▶ _Records shown_:

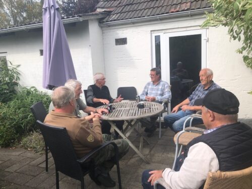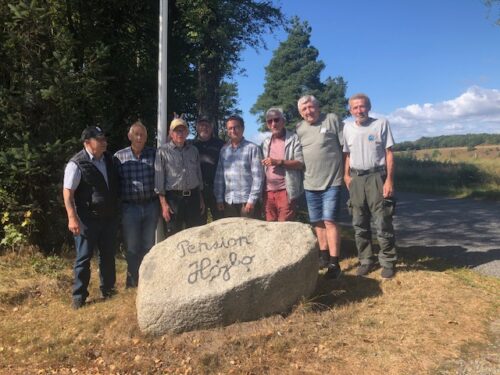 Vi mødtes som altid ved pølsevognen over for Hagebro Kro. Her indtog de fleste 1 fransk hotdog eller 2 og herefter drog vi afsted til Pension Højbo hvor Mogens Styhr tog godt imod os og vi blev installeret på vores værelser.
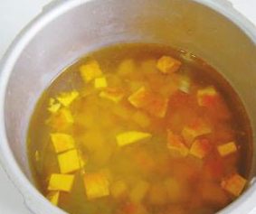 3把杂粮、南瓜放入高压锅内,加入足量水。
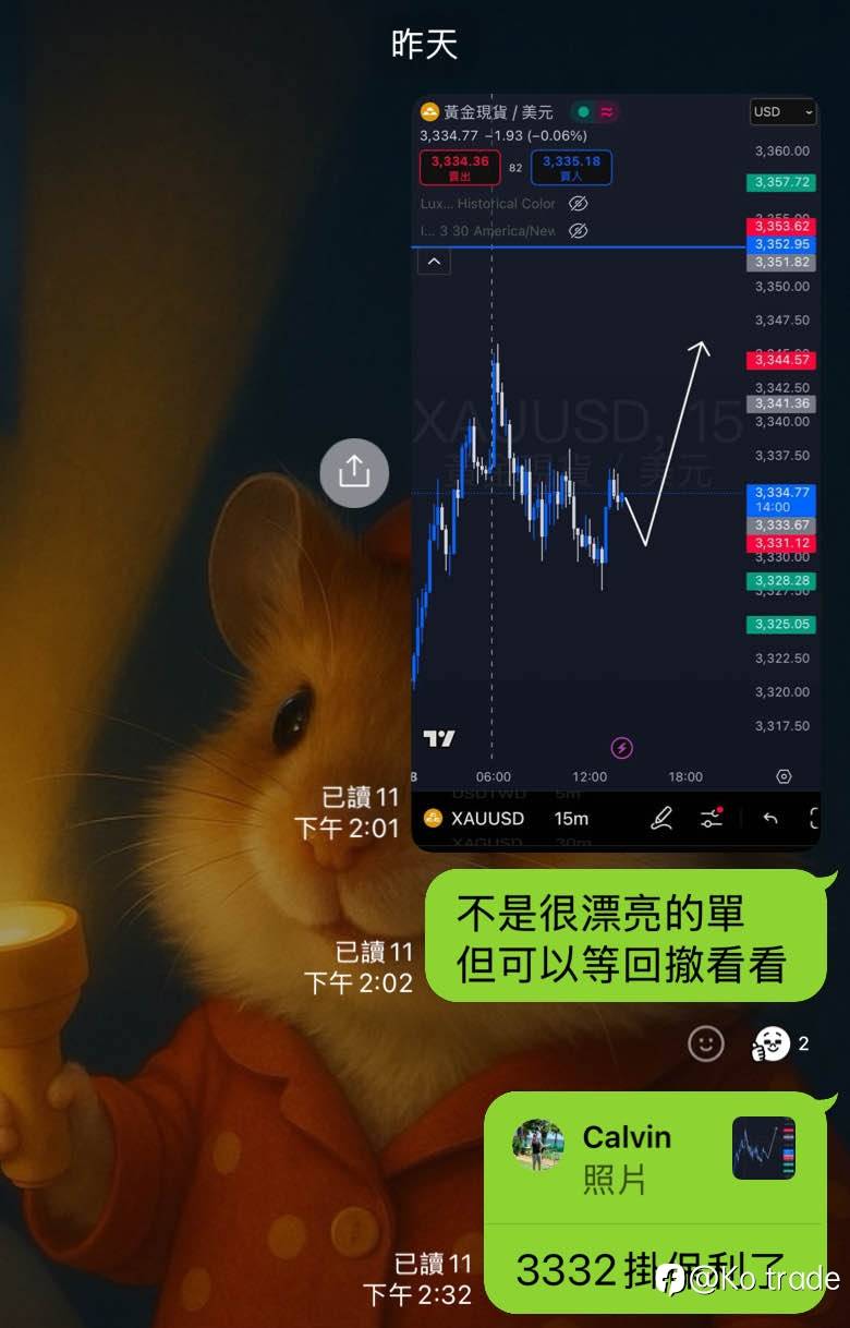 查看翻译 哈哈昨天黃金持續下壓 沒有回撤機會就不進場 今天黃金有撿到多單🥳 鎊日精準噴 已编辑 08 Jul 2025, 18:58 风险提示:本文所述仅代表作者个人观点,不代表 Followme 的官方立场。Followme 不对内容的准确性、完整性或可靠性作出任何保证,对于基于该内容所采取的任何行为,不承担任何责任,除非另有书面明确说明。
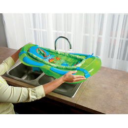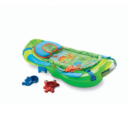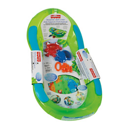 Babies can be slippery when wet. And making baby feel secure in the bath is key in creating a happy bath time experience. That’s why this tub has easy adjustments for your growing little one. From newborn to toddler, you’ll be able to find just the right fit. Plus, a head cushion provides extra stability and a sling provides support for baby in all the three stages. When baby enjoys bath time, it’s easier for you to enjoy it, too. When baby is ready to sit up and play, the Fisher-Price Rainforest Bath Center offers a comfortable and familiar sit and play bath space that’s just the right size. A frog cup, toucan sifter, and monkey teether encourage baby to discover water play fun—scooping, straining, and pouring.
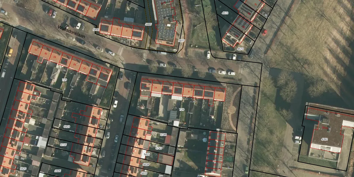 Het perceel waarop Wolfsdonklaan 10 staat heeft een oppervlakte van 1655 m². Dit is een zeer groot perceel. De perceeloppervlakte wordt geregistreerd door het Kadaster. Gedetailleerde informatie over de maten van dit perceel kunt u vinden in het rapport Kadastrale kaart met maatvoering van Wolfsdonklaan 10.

▶ _What to do_: Given the listing above, retype only the span of lines from the line with "3把杂粮、南瓜放入高压锅内,加入足量水。" up to and including the line with "查看翻译 哈哈昨天黃金持續下壓 沒有回撤機會就不進場", exactly as it stands and without pictures.

▶ _Solution to this problem_:
 3把杂粮、南瓜放入高压锅内,加入足量水。
 查看翻译 哈哈昨天黃金持續下壓 沒有回撤機會就不進場 今天黃金有撿到多單🥳 鎊日精準噴 已编辑 08 Jul 2025, 18:58 风险提示:本文所述仅代表作者个人观点,不代表 Followme 的官方立场。Followme 不对内容的准确性、完整性或可靠性作出任何保证,对于基于该内容所采取的任何行为,不承担任何责任,除非另有书面明确说明。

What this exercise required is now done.